### WHAT THE TASK ASKS:
Your answer should give again, exactly, the lines from the beginning of the entries below through the line containing "31168633 Weihersmuehle Bamberg". It must contain no pictures.

[Data items]
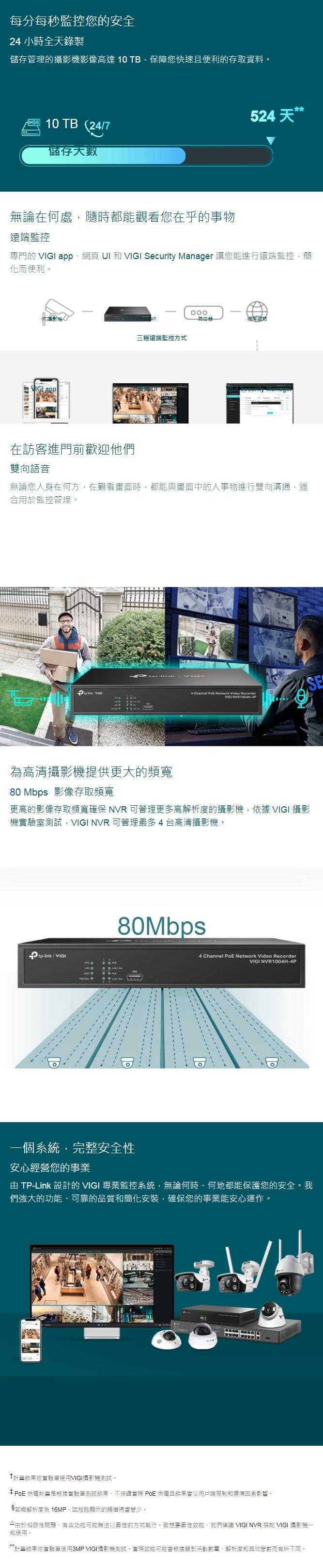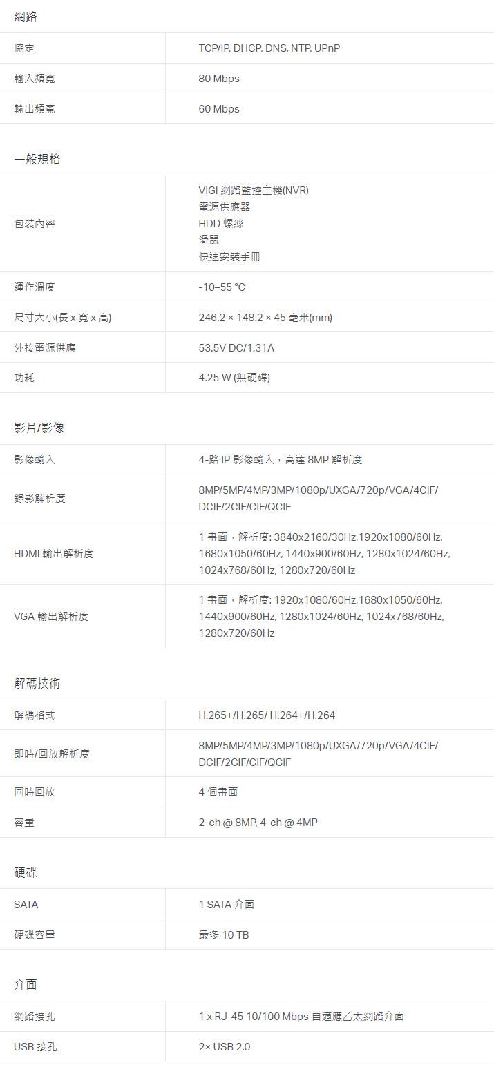 - 80 Mbps 影像存取頻寬: 高影像存取頻寬確保您的 NVR 使用高解析度管理更多攝影機。根據實驗室測試使用 VIGI 攝影機搭配 VIGI NVR,可管理最多四台 4MP 攝影機。
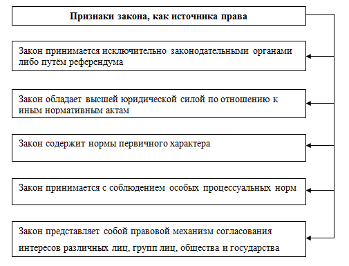 По этой и по ряду других причин в научной и учебной юридической литературе гораздо чаще используется понятие закона в собственном смысле. Главное состоит в том, чтобы понять основной смысл, содержание того, что называется законом, выделить и рассмотреть его основные специфические черты. Обобщая весь материал можно определить следующие специфические черты закона.
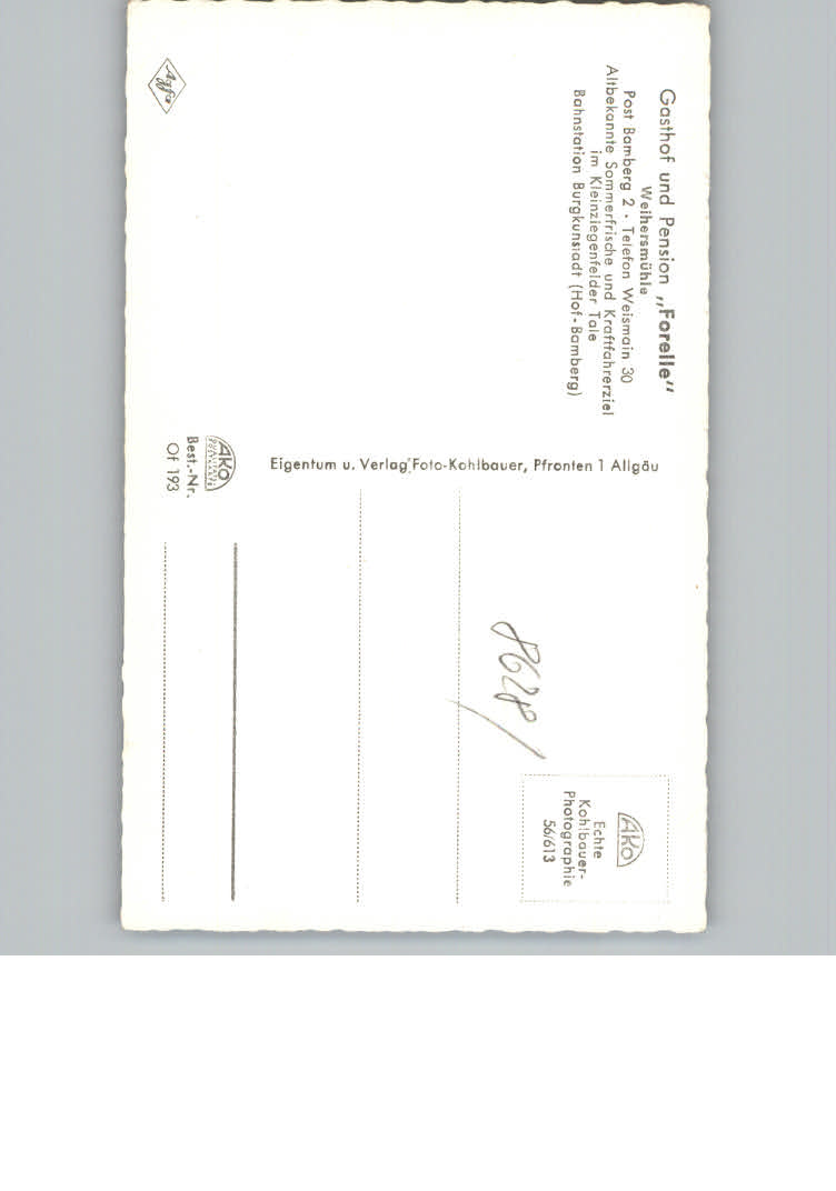 31168633 Weihersmuehle Bamberg Gasthof Pension Forelle postalisch nicht gelaufen KatCode: 11110009461000
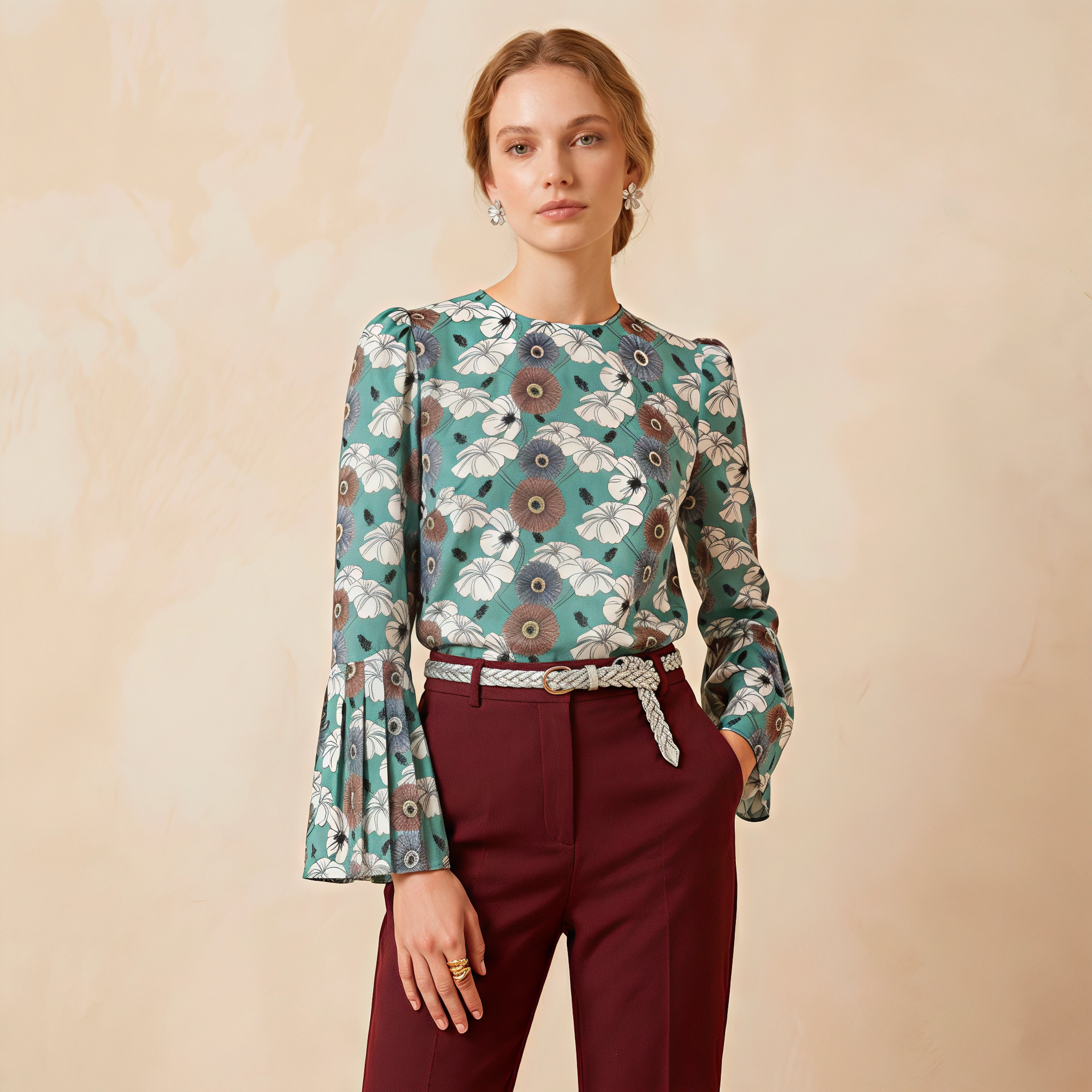 Inspirada en la atmósfera serena de los paisajes históricos, esta pieza traduce el motivo botánico en una danza de verde salvia y tonos neutros sobre el tejido. Una silueta de diseño de autor nacida para elevar la presencia y celebrar el equilibrio entre el romanticismo y la distinción.
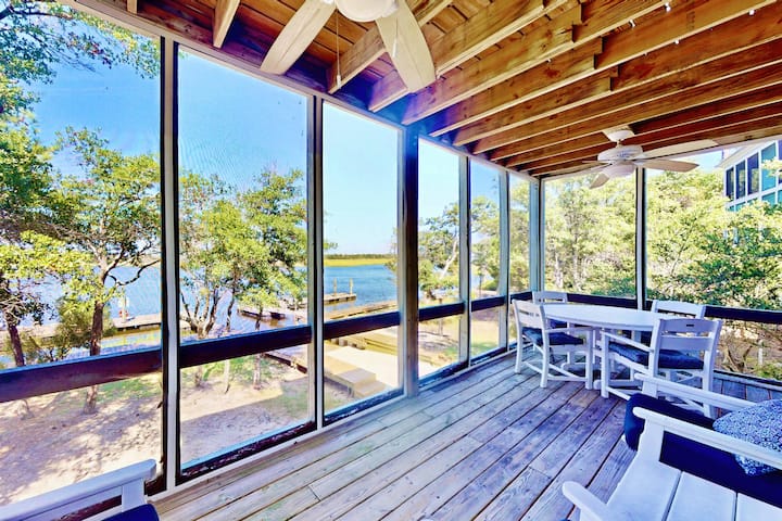 Marsh Mellow is the perfect waterfront escape on Bald Head Island for nature lovers and families alike. Nestled along pristine Bald Head Creek and the Salt Marsh Sanctuary, this home offers unbeatable access to kayaking, paddleboarding, fishing, and bird watching—right from the nearby dock. The toughest decision of the day? Whether to hit the beach, take the golf cart to the BHI Club's new water park, or unwind on the screened porch with a view.
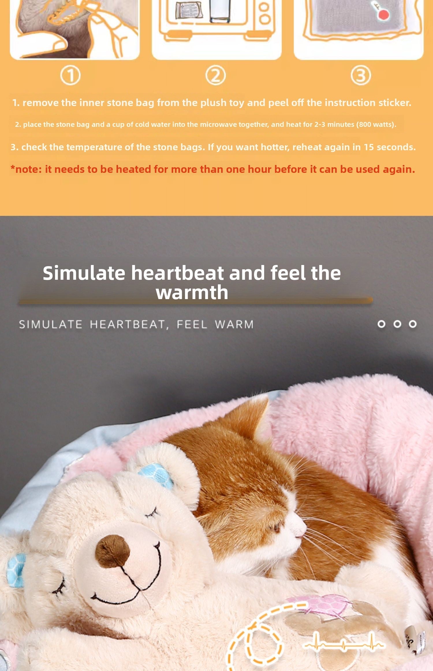 Durable Pet Comfort Pillow Puppy Shape with Simulated Heartbeat Warm Plush Sound Toy
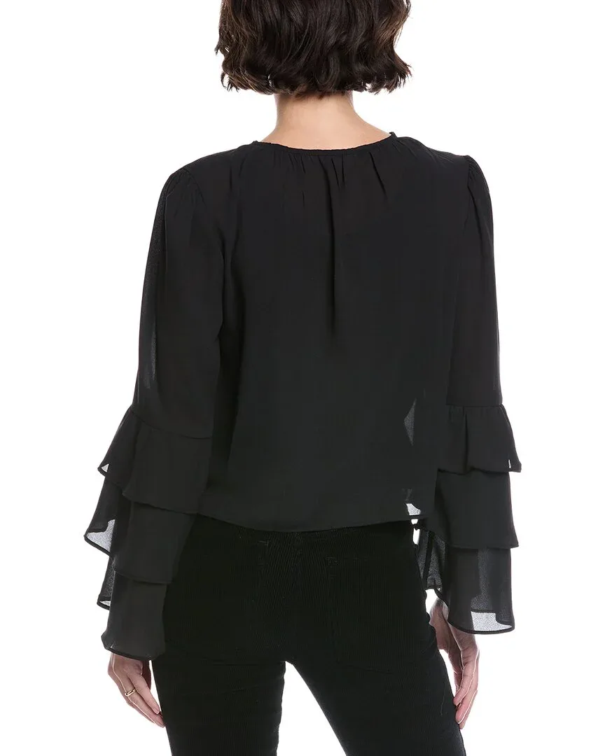 Представляем топ Walter Baker Dua - стильное и универсальное дополнение к вашему гардеробу. Этот черный топ с круглым вырезом и длинными рукавами украшен уникальной трехслойной оборкой, добавляющей нотку женственного очарования. Застежка на пуговицы по центру спереди придает этой классической модели стильный вид. Изготовленный из 100% полиэстера, этот топ одновременно легкий и удобный. Независимо от того, наденете ли вы его с нарядной или повседневной одеждой, топ Walter Baker Dua обязательно привлечет внимание. Рекомендуется ручная стирка. Импортный товар.
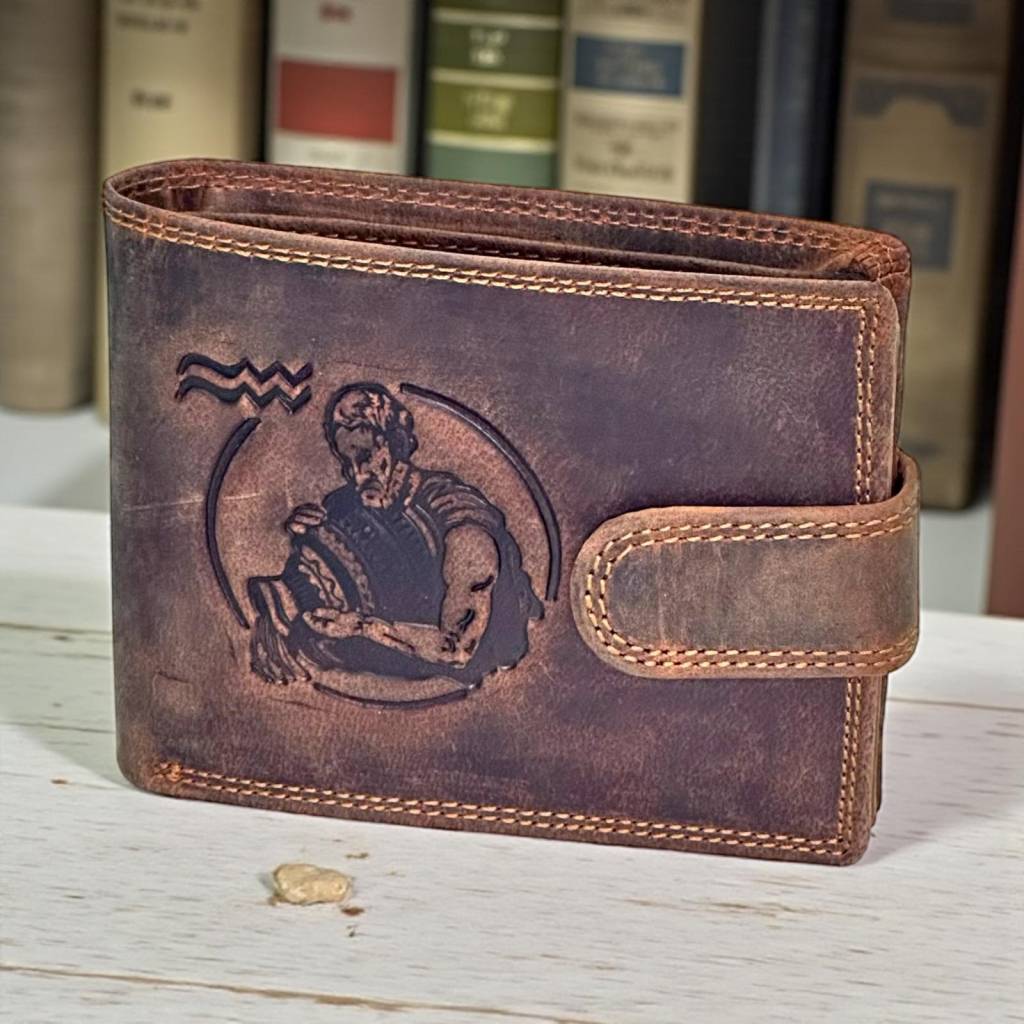 Pre mužov, ktorí chcú pevnú koženú peňaženku s osobitým motívom a praktickým rozložením – ideálny darček pre Vodnárov.
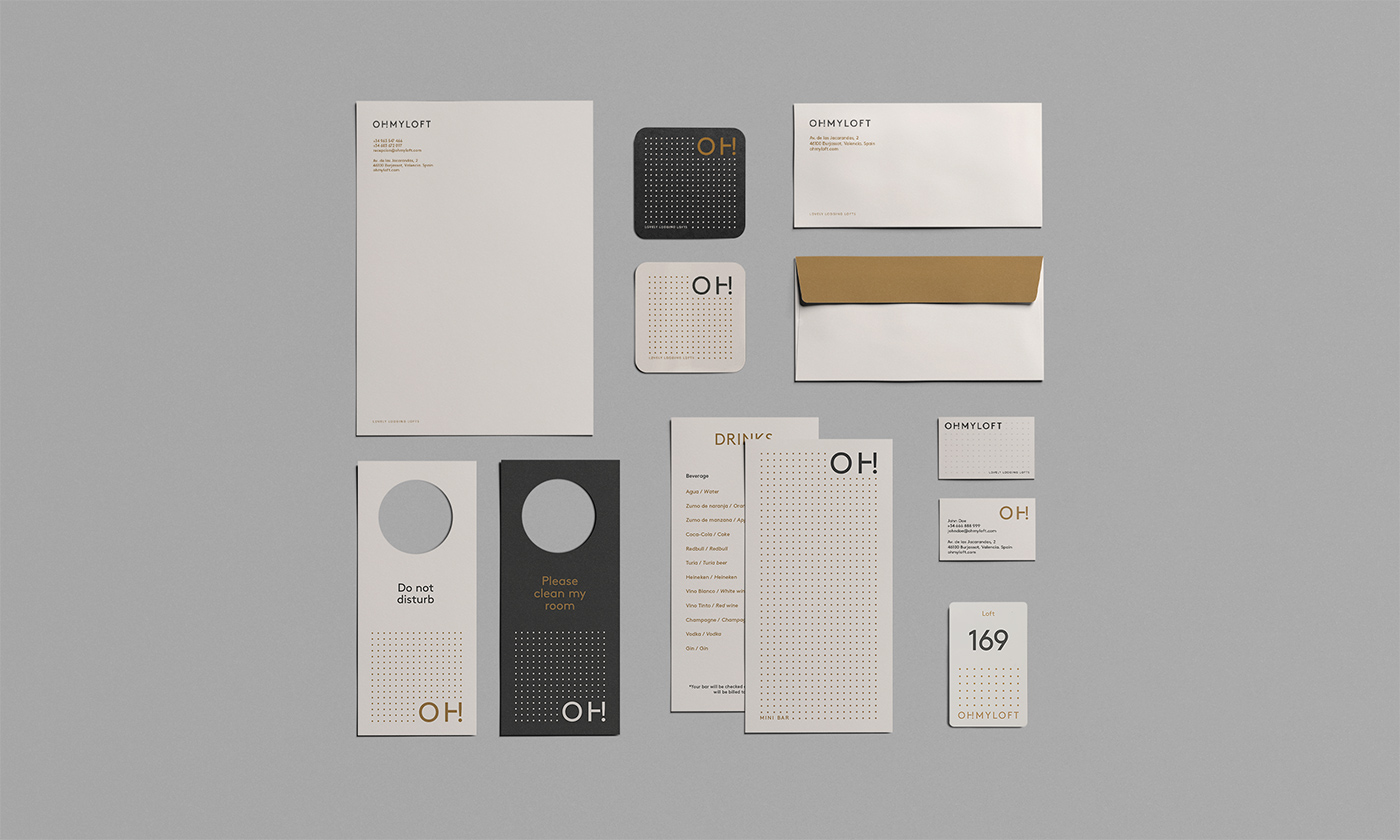The client wanted their image to convey minimalism, elegance and timelessness based on a fresh and clean corporate identity. Following this proposal, and with the intention of achieving maximum expression with minimal graphics, we decided to carry out the design of a merely typographic brand. For the logo design, we wanted to make a nice wink by adding the exclamation point inside the H itself, simulating the English expression “oh my god!” and achieving a very versatile identity.

### ANSWER BOX:
 - 80 Mbps 影像存取頻寬: 高影像存取頻寬確保您的 NVR 使用高解析度管理更多攝影機。根據實驗室測試使用 VIGI 攝影機搭配 VIGI NVR,可管理最多四台 4MP 攝影機。
 По этой и по ряду других причин в научной и учебной юридической литературе гораздо чаще используется понятие закона в собственном смысле. Главное состоит в том, чтобы понять основной смысл, содержание того, что называется законом, выделить и рассмотреть его основные специфические черты. Обобщая весь материал можно определить следующие специфические черты закона.
 31168633 Weihersmuehle Bamberg Gasthof Pension Forelle postalisch nicht gelaufen KatCode: 11110009461000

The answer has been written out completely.